(DATASET EXCERPT Opens)

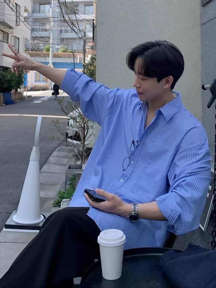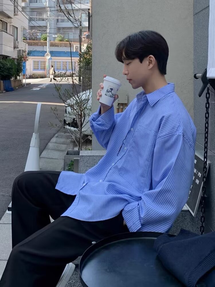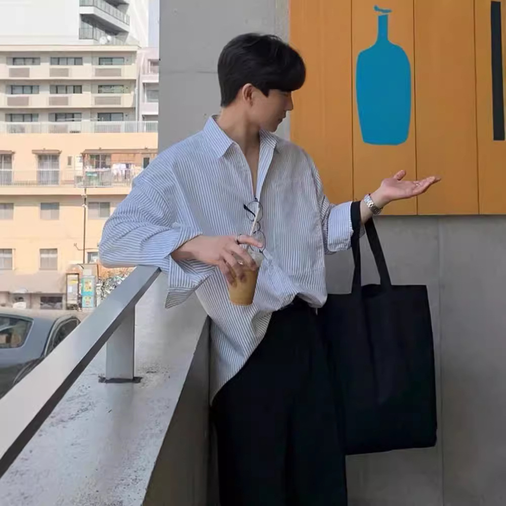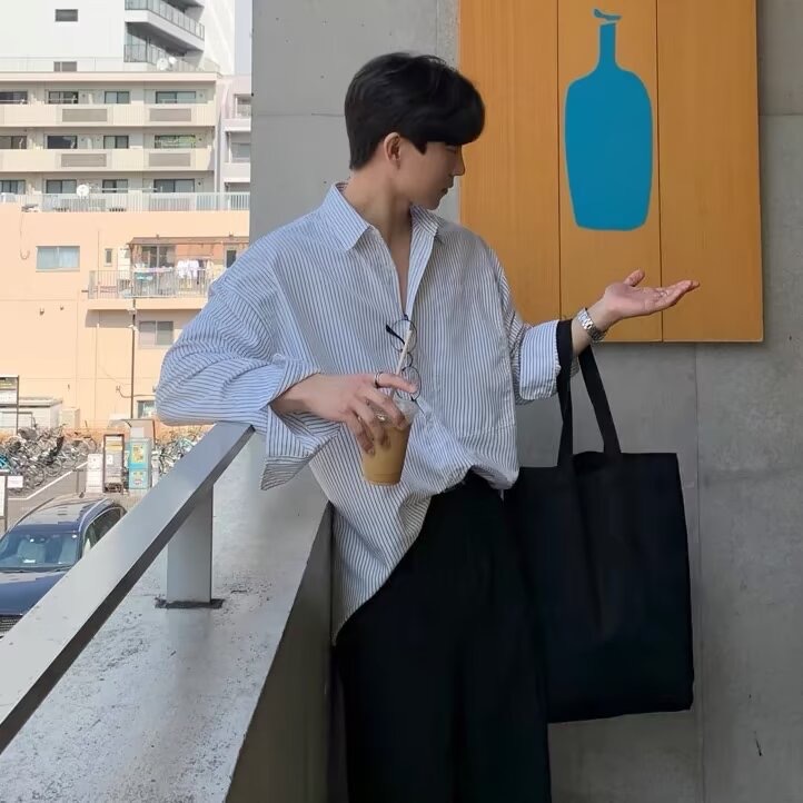 2024 레트로 셔츠 남자 여름 홍콩 스타일 학생 느슨한 틈새 디자인 감각 재미있는 새로운 남성 탑스토어 가기
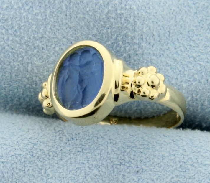 In 14K yellow gold it is a size 7 1/2. 4.6g
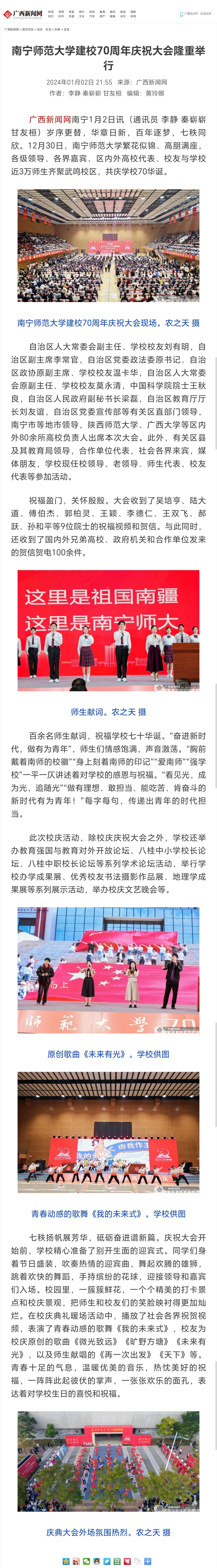 【央视网】:[广西新闻]Beat365正版唯一官网必一庆祝建校70周年
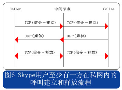 從上述流程圖可見,Skype的呼叫信令都采用TCP封裝,而媒體流則使用UDP封裝,當有任何一方用戶位于限制UDP包的防火墻內(nèi)時,媒體流就會采用TCP封裝。另外當Skype用戶至少有一方位于私網(wǎng)內(nèi)時,所有的信令和媒體消息都經(jīng)過一個或多個中間節(jié)點轉(zhuǎn)發(fā)。此時無需擔心用戶通話的媒體流因為經(jīng)過中間節(jié)點轉(zhuǎn)發(fā)而被竊聽,因為Skype采用了對消息進行端到端加密的機制。

(DATASET EXCERPT Closes)

== TASK DETAILS ==
Repeat the material exactly. Any picture in it should be dropped.

== ANSWER SPACE ==
 2024 레트로 셔츠 남자 여름 홍콩 스타일 학생 느슨한 틈새 디자인 감각 재미있는 새로운 남성 탑스토어 가기
 In 14K yellow gold it is a size 7 1/2. 4.6g
 【央视网】:[广西新闻]Beat365正版唯一官网必一庆祝建校70周年
 從上述流程圖可見,Skype的呼叫信令都采用TCP封裝,而媒體流則使用UDP封裝,當有任何一方用戶位于限制UDP包的防火墻內(nèi)時,媒體流就會采用TCP封裝。另外當Skype用戶至少有一方位于私網(wǎng)內(nèi)時,所有的信令和媒體消息都經(jīng)過一個或多個中間節(jié)點轉(zhuǎn)發(fā)。此時無需擔心用戶通話的媒體流因為經(jīng)過中間節(jié)點轉(zhuǎn)發(fā)而被竊聽,因為Skype采用了對消息進行端到端加密的機制。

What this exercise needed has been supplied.